Safety: ability to avoid unintended or harmful results that contradict objectives derived from the Google AI Principles.
Groundedness: producing responses that are factually correct and can be associated with authoritative, external sources.

This final objective is especially important because LLMs often produce seemingly plausible responses that are incorrect. We want to avoid situations in which trusting humans are fed incorrect information by an “all-knowing” chatbot!

Similar to other LLMs, LaMDA is first pre-trained using a language modeling objective on a large, unlabeled corpus of regular documents and dialog data. The dataset used to pre-train LaMDA is quite large, surpassing the size of pre-training datasets for prior dialog models by 40x [9]. After pre-training over this dataset, LaMDA is further pre-trained over a more dialog-specific portion of the original pre-training set—this mimics the domain-specific pre-training approach that we learned about previously.

To improve the quality, safety, and groundedness of LaMDA, authors use a human workforce to collect and annotate examples of model behavior that violates desired guidelines (e.g., making a harmful or incorrect remark). The human-annotated datasets that are collected are summarized in the table above.

These datasets are converted into an LLM-compatible, text-to-text structure and used to fine-tune LaMDA in a supervised manner. During this process, LaMDA learns to accurately predict the quality, safety, and groundedness of its generations. LaMDA can then use this learned ability to filter its own output (e.g., by selecting the more interesting or less harmful response).

When this fine-tuning approach is applied, we observe that the model achieves significant improvements in quality, safety, and groundedness; see above.
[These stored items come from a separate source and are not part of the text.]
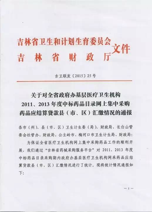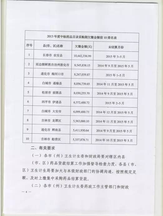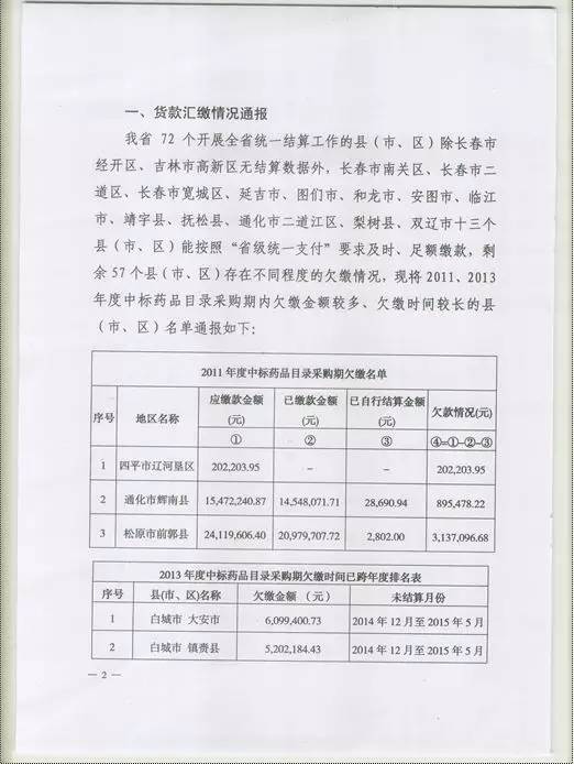 以下是吉林省衛計委近期發出的文件,針對全省政府辦基層醫療衛生機構2011、2013年度中標藥品目錄網上集中采購藥品應結算貨款縣(市、區)匯繳情況的通報。從通報的內容上看,基層醫療機構財政結算執行不容樂觀,全省72個縣,有57個縣不能按時足額結算,所拖欠貨款居然從2011年至今長達4年之久,這就不難理解一些地區長達半年甚至超過一年的回款賬期。吉林是中國的一個縮影。
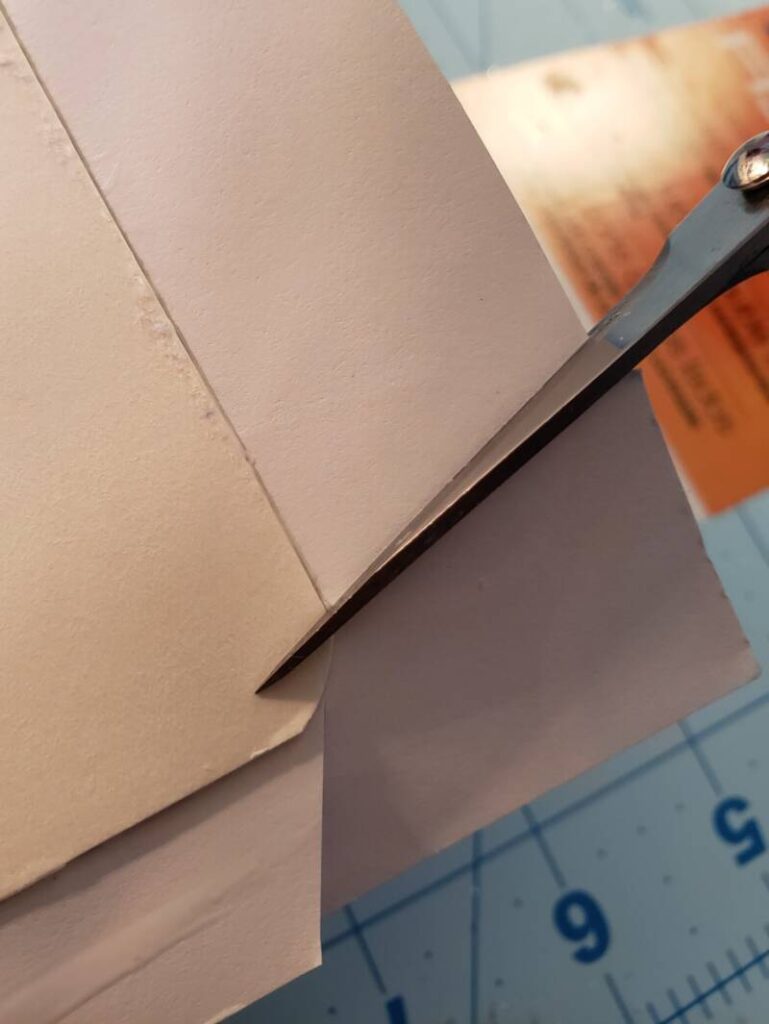 Open the front cover of the notebook and line up your scissors to cut a diagonal slit in the paper overhang to line up with the edge of the rounded corner of the notebook. Repeat with the other corners.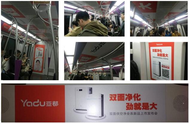 随访了一下现场的亚都品牌工作人员获知,今天是亚都双面侠升级版新品正式上市发布,好巧。地铁里的发布会,还真是第一次看到,无意中成了“参会者”之一,很是有点儿意思。 “双面净化、劲就是大”,一句这么互联网化的产品卖点,这么大的展现形式,够新鲜,很难想象来自拥有30年历史的亚都。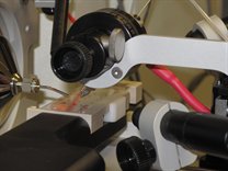 DESI is a combination of electrospray (ESI) and desorption (DI) ionization methods applied to a surface. A fine aerosol is generated by a jet of nitrogen around a microlitre/min flow of solvent mixture. The charged electrospray mist is applied at close range (mm) to the surface. After ion desorption from the surface, the ions travel at atmospheric pressure to the mass spectrometer interface which is an adapted transfer capillary. The Omnispray 1D and 2D (Prosolia) sample stage control can be automated for fine control in either 1 or 2 dimensions. Further software can used to create maps locating the source of ions detected. These interfaces are used in as inlets for either the Exactive or Velos MS systems.

Using larger models can improve model quality, but fine-tuning is required — in addition to scaling up the model — to see improvements in other metrics.
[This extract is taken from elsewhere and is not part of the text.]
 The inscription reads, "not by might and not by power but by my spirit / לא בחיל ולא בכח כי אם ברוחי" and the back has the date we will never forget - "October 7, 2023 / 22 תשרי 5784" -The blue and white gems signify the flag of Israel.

Overall, we see in [8] that large-scale pre-training of LLMs might not be all that’s required to make LLMs as useful as possible, especially when adapting them to more specific domains like dialog generation. Collecting smaller, annotated datasets for fine-tuning that capture specific objectives like safety or groundedness is a really effective approach for adapting general-purpose LLMs to more specific applications.

“Collecting fine-tuning datasets brings the benefits of learning from nuanced human judgements, but it is an expensive, time consuming, and complex process. We expect results to continue improving with larger fine-tuning datasets, longer contexts, and more metrics that capture the breadth of what is required to have safe, grounded, and high quality conversations.” — from [8]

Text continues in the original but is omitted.